### EXTRACTED ENTRIES

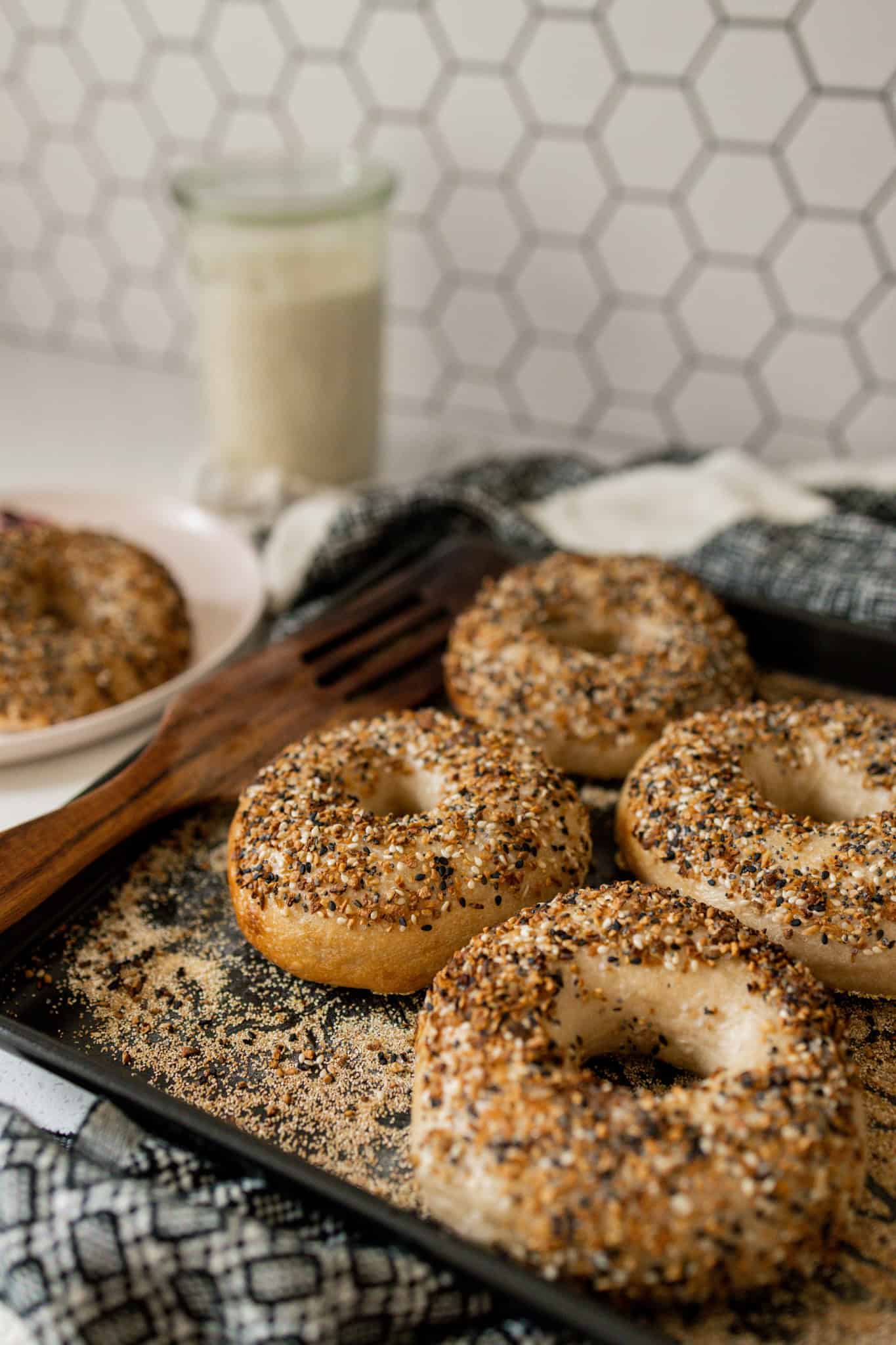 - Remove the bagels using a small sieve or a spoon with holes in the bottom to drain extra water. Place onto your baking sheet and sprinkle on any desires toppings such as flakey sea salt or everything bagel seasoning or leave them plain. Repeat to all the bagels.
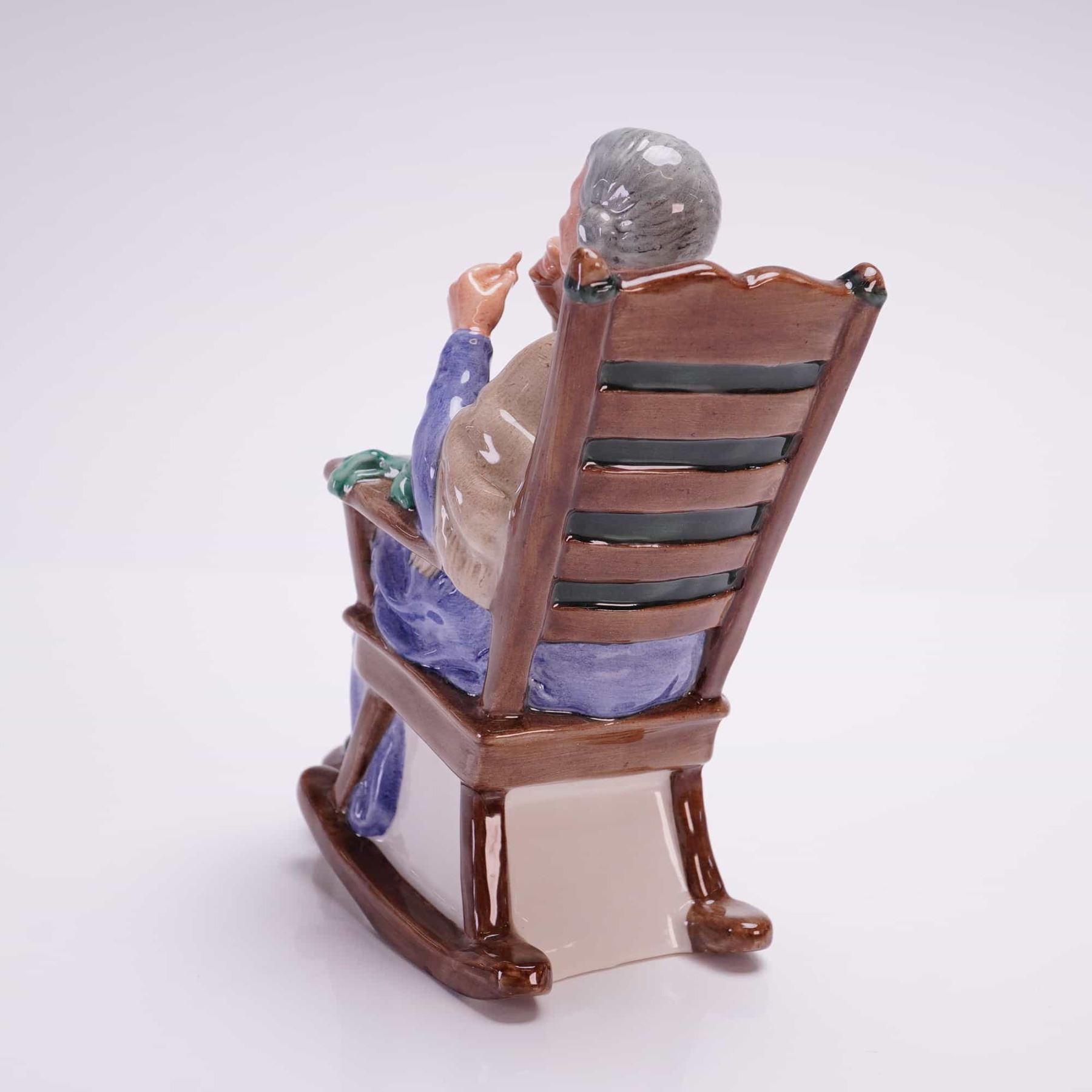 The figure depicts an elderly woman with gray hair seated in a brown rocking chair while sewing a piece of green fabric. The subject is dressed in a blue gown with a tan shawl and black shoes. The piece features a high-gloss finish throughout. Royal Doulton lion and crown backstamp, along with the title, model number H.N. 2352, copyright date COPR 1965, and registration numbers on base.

--

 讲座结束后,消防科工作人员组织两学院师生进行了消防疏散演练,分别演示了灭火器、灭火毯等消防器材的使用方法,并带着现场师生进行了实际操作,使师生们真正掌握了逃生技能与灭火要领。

### TASK BRIEF
Lines wanted from the entries above: the one with "- Remove the", the one with "The figure depicts", and all lines between. Please copy them exactly, without the pictures and without anything else.

### EXERCISE OUTPUT
 - Remove the bagels using a small sieve or a spoon with holes in the bottom to drain extra water. Place onto your baking sheet and sprinkle on any desires toppings such as flakey sea salt or everything bagel seasoning or leave them plain. Repeat to all the bagels.
 The figure depicts an elderly woman with gray hair seated in a brown rocking chair while sewing a piece of green fabric. The subject is dressed in a blue gown with a tan shawl and black shoes. The piece features a high-gloss finish throughout. Royal Doulton lion and crown backstamp, along with the title, model number H.N. 2352, copyright date COPR 1965, and registration numbers on base.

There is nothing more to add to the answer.